A Real Example: The RotaShield Vaccine

One of the clearest examples of VAERS working as intended involves RotaShield, a rotavirus vaccine licensed in August 1998. Soon after it hit the market, VAERS reports began showing cases of intussusception, a painful condition where part of the intestine folds into itself, in infants who had recently received the vaccine. The CDC moved quickly, suspending use of the vaccine and launching two emergency investigations. By October 1999, the advisory committee withdrew its recommendation, and the manufacturer pulled RotaShield from the market voluntarily. The entire process, from the first reports to withdrawal, took roughly 14 months.

Why VAERS Cannot Prove Cause and Effect

This is the single most important thing to understand about VAERS, and the point most often misunderstood. The system’s own data guide states it plainly: “No cause-and-effect relationship has been established” for any reported event. A VAERS report confirms only that a health problem happened sometime after a vaccination. It does not confirm the vaccine caused it.

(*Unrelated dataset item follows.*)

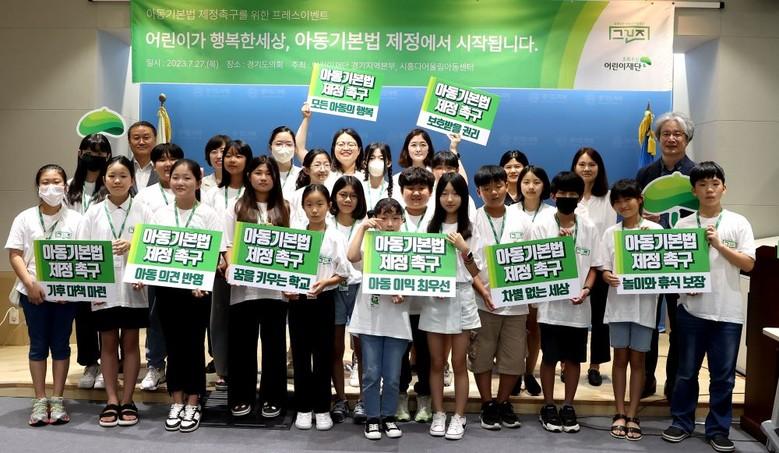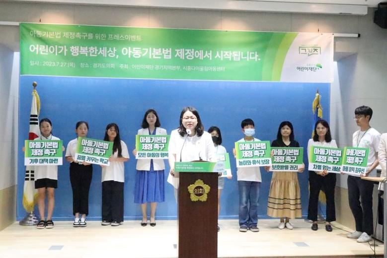 경기도의회 교육행정위원회 이자형 의원(더불어민주당, 비례)은 27일 경기도의회 브리핑룸에서 초록우산 어린이재단 아동권리옹호단 <그린즈>와 함께 아동기본법 제정을 촉구하는 기자회견을 진행했다.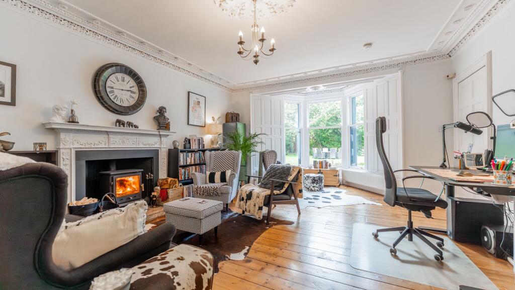 Dullatur House is a substantial detached property located in Dullatur, North Lanarkshire. The property benefits from a large garden, and appears to be in excellent condition, having undergone significant modernisation while retaining many period features. The location is relatively peaceful, yet conveniently located with access to nearby rail links at Croy, Greenfaulds and Cumbernauld. The property’s list price of £875,000 is significantly higher than the average house price in the area (£517,143). However, given its size (7 bedrooms, 5 bathrooms), the extensive grounds, and its apparent high-quality renovation, the price may be justifiable within the context of the local market for similar high-end properties. More information regarding the square footage would be needed to make a more definitive assessment of value per square foot. The property displays many features indicative of a period property, including high ceilings, ornate cornicing, and traditional window designs. However, the modern kitchen and bathrooms demonstrate a high level of recent renovation. The property also benefits from a conservatory and ample land. Based on the images provided, the property is in excellent condition and appears well-maintained. The interior design is modern and stylish. The extensive grounds are a significant asset, contributing to the overall appeal and value of the property. The proximity to rail links enhances its accessibility.

Think of it this way. Millions of people get vaccinated every year. Some of those people will, by pure coincidence, develop an unrelated health issue in the days or weeks that follow. They might have a heart attack, get diagnosed with a new condition, or experience a seizure that was going to happen regardless. Because VAERS accepts all reports without judging whether the vaccine played any role, these coincidental events end up in the database alongside events that may genuinely be vaccine-related.

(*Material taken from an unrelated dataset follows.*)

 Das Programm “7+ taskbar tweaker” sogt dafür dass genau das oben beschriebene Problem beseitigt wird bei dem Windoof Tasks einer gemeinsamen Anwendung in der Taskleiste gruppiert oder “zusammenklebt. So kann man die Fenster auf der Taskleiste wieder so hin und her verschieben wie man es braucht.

The biggest structural limitation of passive surveillance is the missing denominator. VAERS knows how many reports came in, but it doesn’t know the total number of people who were vaccinated without incident. Without that denominator, you can’t calculate a true rate of any given problem. Active surveillance systems do have that denominator, which is why they’re used to follow up on VAERS signals.

Reports can also be incomplete, contain errors, or reflect events that were never medically verified. Because anyone can file a report with no documentation required, the quality of individual entries varies widely.

Accessing VAERS Data

VAERS data is publicly available and searchable through the CDC’s WONDER database at wonder.cdc.gov. The database contains reports going back to 1990. In May 2025, the CDC and FDA expanded public access to provide more detailed information for all reported events. You can search by vaccine type, reported symptom, age group, and other filters. You can also look up a specific report by its VAERS ID number. The CDC provides both written instructions and video tutorials on its YouTube channel for navigating the system.

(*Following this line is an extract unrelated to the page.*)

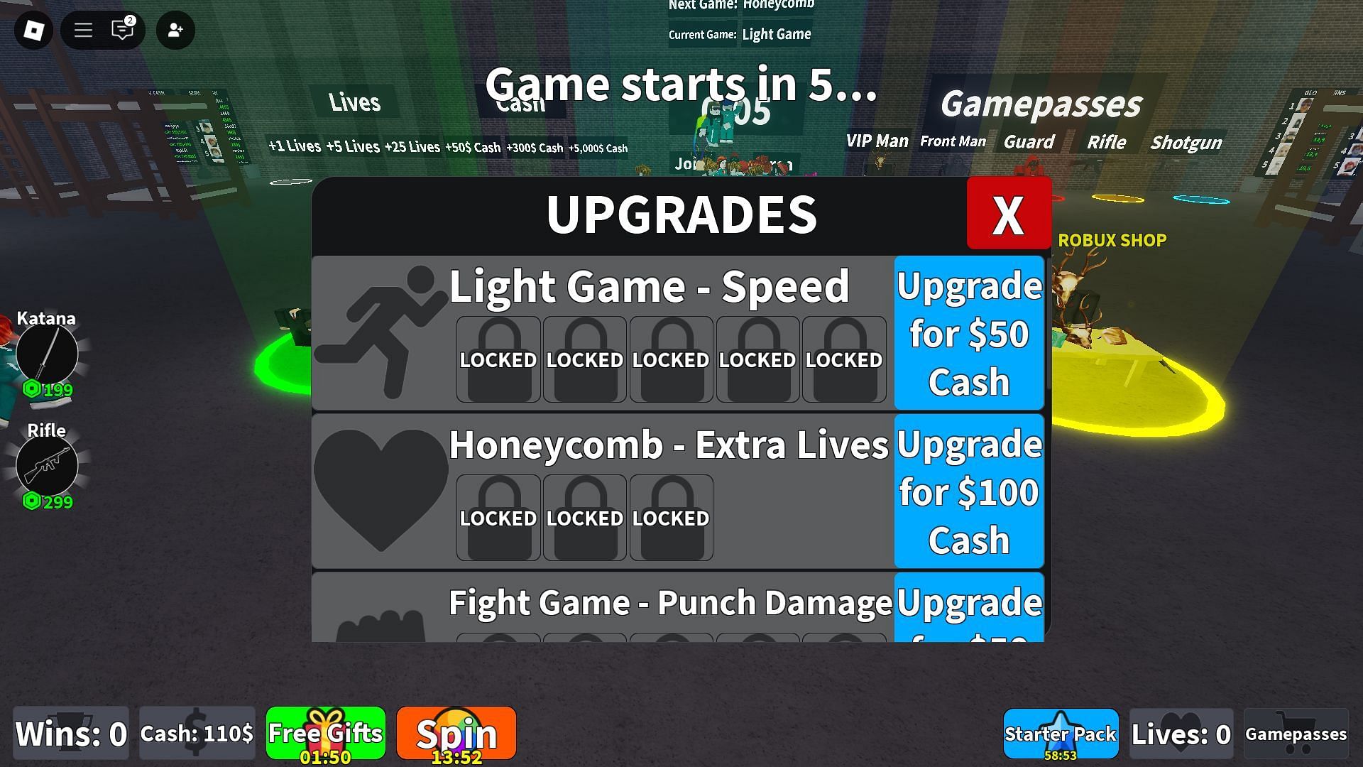 - Robux Shop: The Robux Shop is a premium-only store that sells extra lives, the ability to perform pushes, weapons, Cash, and more. These directly impact the gameplay and tip the odds in your favor, potentially granting you an easy win as long as you stick to the rules.

If you do explore the data, keep the limitations firmly in mind. Raw VAERS numbers, pulled without context, can be deeply misleading. A count of reports associated with a particular vaccine tells you how many people filed paperwork. It does not tell you how many people were actually harmed by that vaccine. Drawing conclusions from raw report counts is a common mistake, and it has fueled significant misinformation, particularly during periods of high vaccination volume when the total number of reports naturally rises alongside the number of doses given.

Where VAERS Fits in the Larger System

VAERS is not the only vaccine safety monitoring tool in the United States. It’s the front door, designed to detect early signals, but it works alongside several more precise systems. The Vaccine Safety Datalink uses electronic health records from multiple large healthcare organizations to run rapid, controlled analyses. The Clinical Immunization Safety Assessment Project connects the CDC with vaccine safety experts at medical research centers for in-depth clinical evaluations of individual cases.

Together, these systems form a layered approach. VAERS catches the initial hint that something might be off. The other systems determine whether that hint reflects a real safety issue or a statistical coincidence. No single system does the whole job on its own, and VAERS was never designed to be the final word on whether a vaccine is safe or dangerous. It’s the starting line, not the finish line.